### [EXERCISE DESCRIPTION]
Could the lines from the start of the data through the line with "在外观编辑界面中,玩家可以自" be set down exactly, with no pictures among them?

[Dataset excerpts]
= = = =

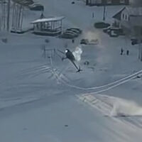 На обнародованных кадрах можно заметить, что небольшой вертолет низко пролетал над горнолыжным курортом и зацепился за тросы над канатной дорогой, а затем разбился о снежный покров. На кадрах видно, что хвост воздушного судна был разломан.
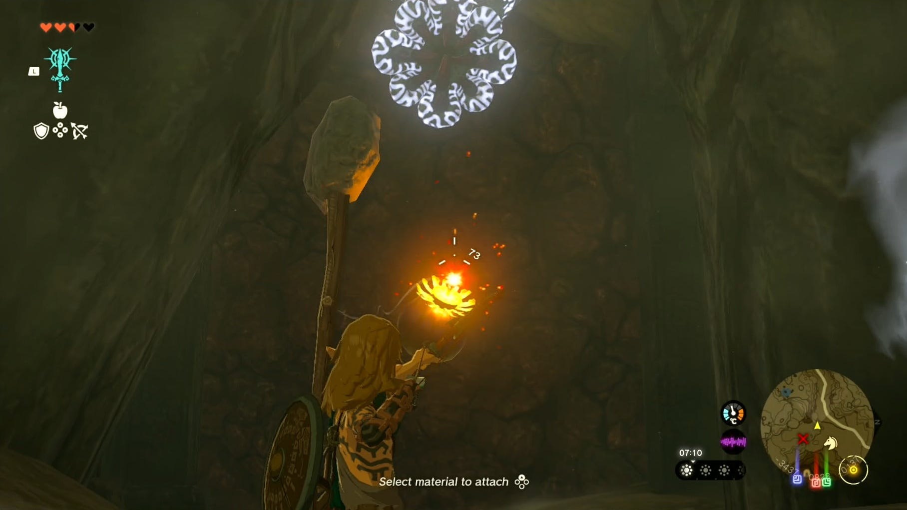 Para chegar ao Santuário Iun-orok a partir da entrada da Caverna Tanagar Canyon West, pule e use flechas de bomba ou uma arma de martelo fundido para esmagar as rochas rachadas. Achamos mais fácil ir direto na próxima câmara, já que as rochas rachadas atrás do monstro Like eram mais fáceis de bombardear.
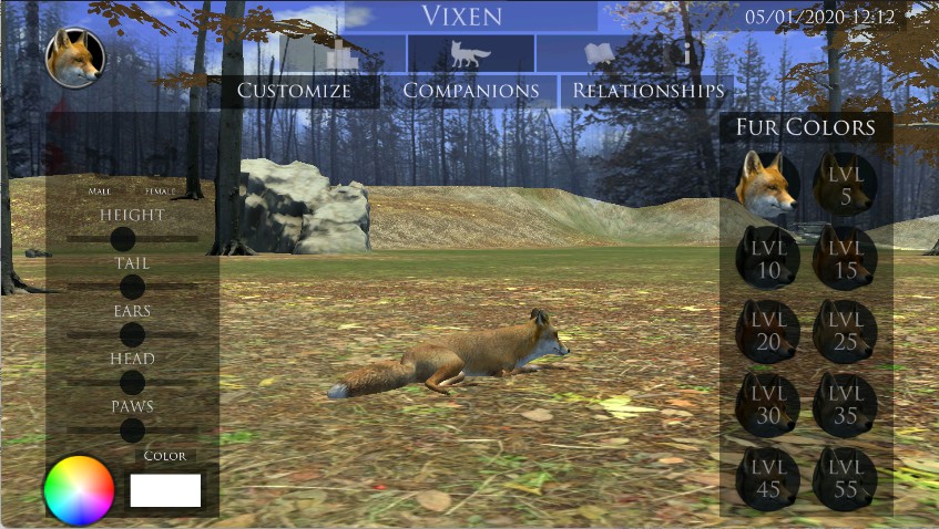 在外观编辑界面中,玩家可以自由调整狐狸的皮毛颜色、体型以及其他外观细节,打造属于自己的独特野狐形象。
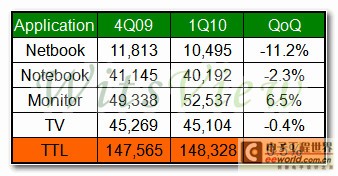 展望2010年第二季,WitsView認為第一季過度樂觀的出貨表現(xiàn),使得主要應(yīng)用別的下游市場均存在庫存升高的疑慮,雖然目前仍未出現(xiàn)一線品牌明顯的砍單效應(yīng),但從4月下旬面板價格已出現(xiàn)小幅度下跌的指針來看,支撐出貨量持續(xù)攀升的動能將有可能趨緩,因此WitsView現(xiàn)階段保守預(yù)估第二季整體面板出貨量僅將小幅成長2%,未來品牌大廠需求減少幅度將為關(guān)鍵。
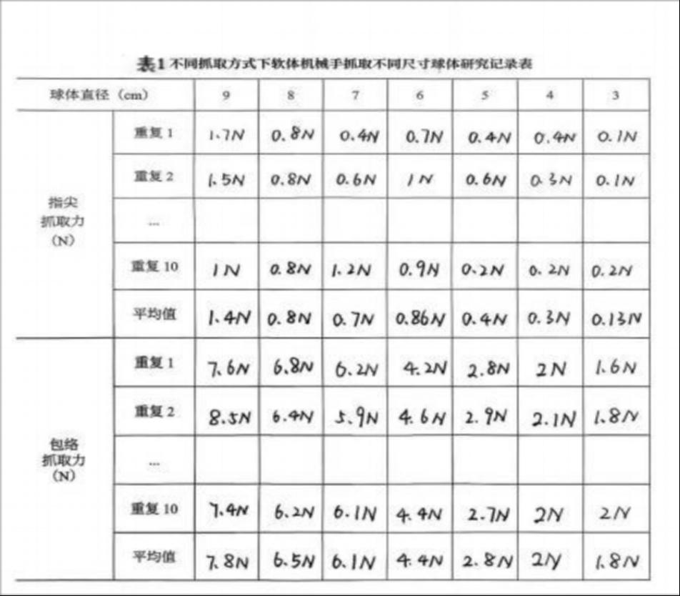 (4)用软体机械手夹持球体,用弹簧测力计勾住塑料球壳上的轮胎线,数值缓慢匀速向上拉动,直至球体被拉出软体机械手,在此过程中注意读取拉力计示数,记录最大值。每个球体每种抓取方式重复实验 10 次,记录每次实验的拉力最大值,最终取平均值
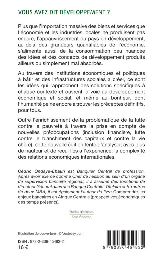Plus que l'importation massive des biens et services que l'économie et les industries locales ne produisent pas encore, l'appauvrissement du pays en développement, au-delà des grandeurs quantifiables de l'économie, s'alimente aussi de la consommation peu nuancée des idées et des concepts de développement produits ailleurs ou simplement mal absorbés. Au travers des institutions économiques et politiques à bâtir et des infrastructures sociales à créer, ce sont les idées qui rapprochent des solutions spécifiques à chaque contexte et ouvrent la voie au développement économique et social, et même au bonheur, dont l'humanité peine encore à trouver les préceptes définitifs, pour tous. Outre l'enrichissement de la problématique de la lutte contre la pauvreté à travers la prise en compte de nouvelles préoccupations (inclusion financière, lutte contre le blanchiment des capitaux et contre la vie chère), cette nouvelle édition tente d'analyser, avec plus de hauteur et de recul liés à l'expérience, la complexité des relations économiques internationales.
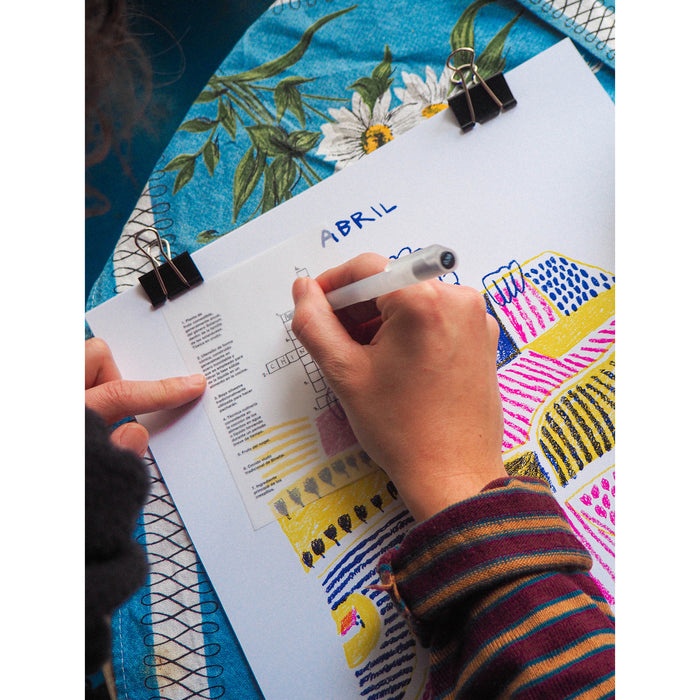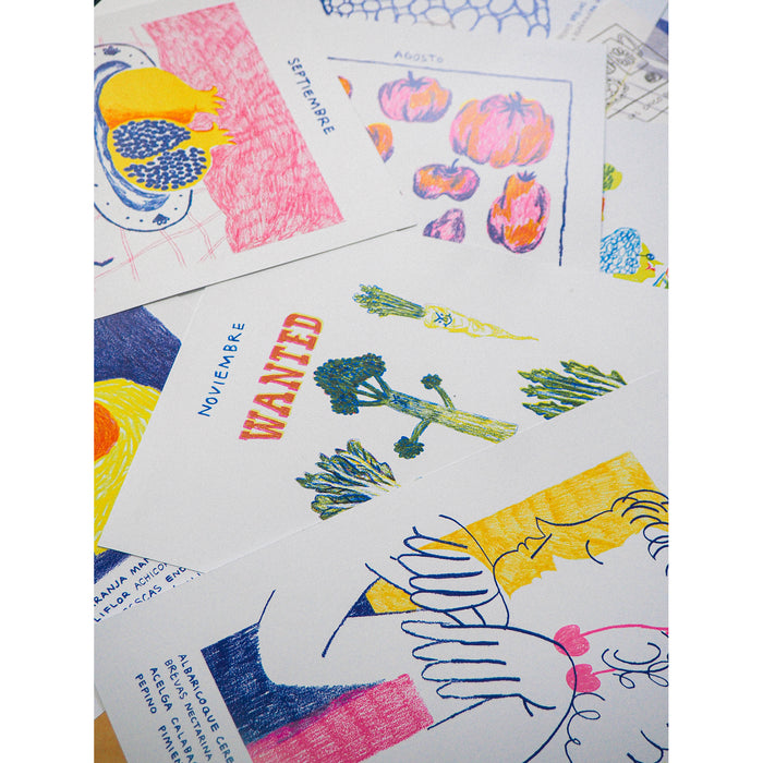 - 12 láminas ilustradas impresas en risografía en papel reciclado.
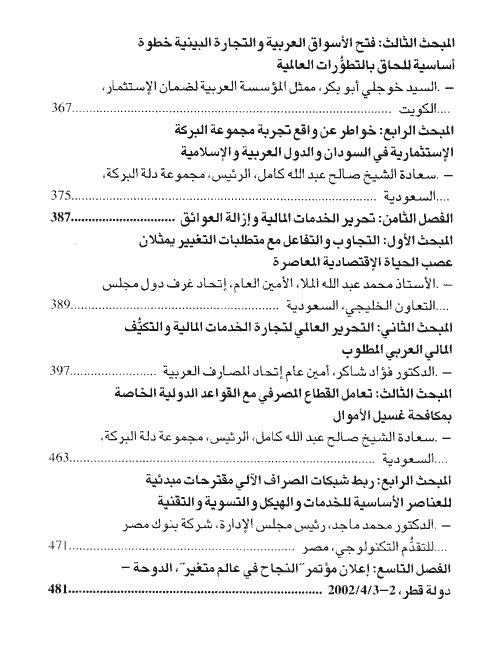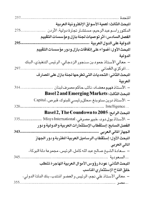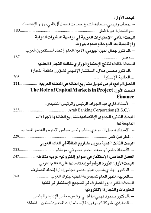 هذا وتحدث المؤتمر عن موضوعات إقليمية وعالمية هامة جداً، أولها الاقتصاد العالمي بعد أحداث 11 أيلول والتطورات الاقتصادية والمصرفية المصاحبة وتأثيرها على المنطقة العربية، وثانيها التجارة العالمية مع بدء جولة الدوحة، والثالث حول فرص تمويل مشاريع الطاقة في المنطقة العربية، والرابع حول الاستثمار في أسواق إلكترونية عربية متكاملة. أما الموضوع الخامس فهو حول أكثر توصيات لجنة بازل ومؤسسات التقييم الدولية على الدول العربية، فيما كان الموضوع السادس حول استقطاب الرساميل العربية المغتربة ودور الجهاز المالي العربي. وفي الموضوع السابع ركّز المؤتمر على تحرير الخدمات المالية وإزالة العوائق. والموضوع الثامن والأخير كان حول تعامل القطاع المصرفي العربي مع القواعد الدولية الخاصة بمكافحة تبييض الأموال وأموال الإرهاب.

= = = =

### [YOUR SOLUTION]
 На обнародованных кадрах можно заметить, что небольшой вертолет низко пролетал над горнолыжным курортом и зацепился за тросы над канатной дорогой, а затем разбился о снежный покров. На кадрах видно, что хвост воздушного судна был разломан.
 Para chegar ao Santuário Iun-orok a partir da entrada da Caverna Tanagar Canyon West, pule e use flechas de bomba ou uma arma de martelo fundido para esmagar as rochas rachadas. Achamos mais fácil ir direto na próxima câmara, já que as rochas rachadas atrás do monstro Like eram mais fáceis de bombardear.
 在外观编辑界面中,玩家可以自由调整狐狸的皮毛颜色、体型以及其他外观细节,打造属于自己的独特野狐形象。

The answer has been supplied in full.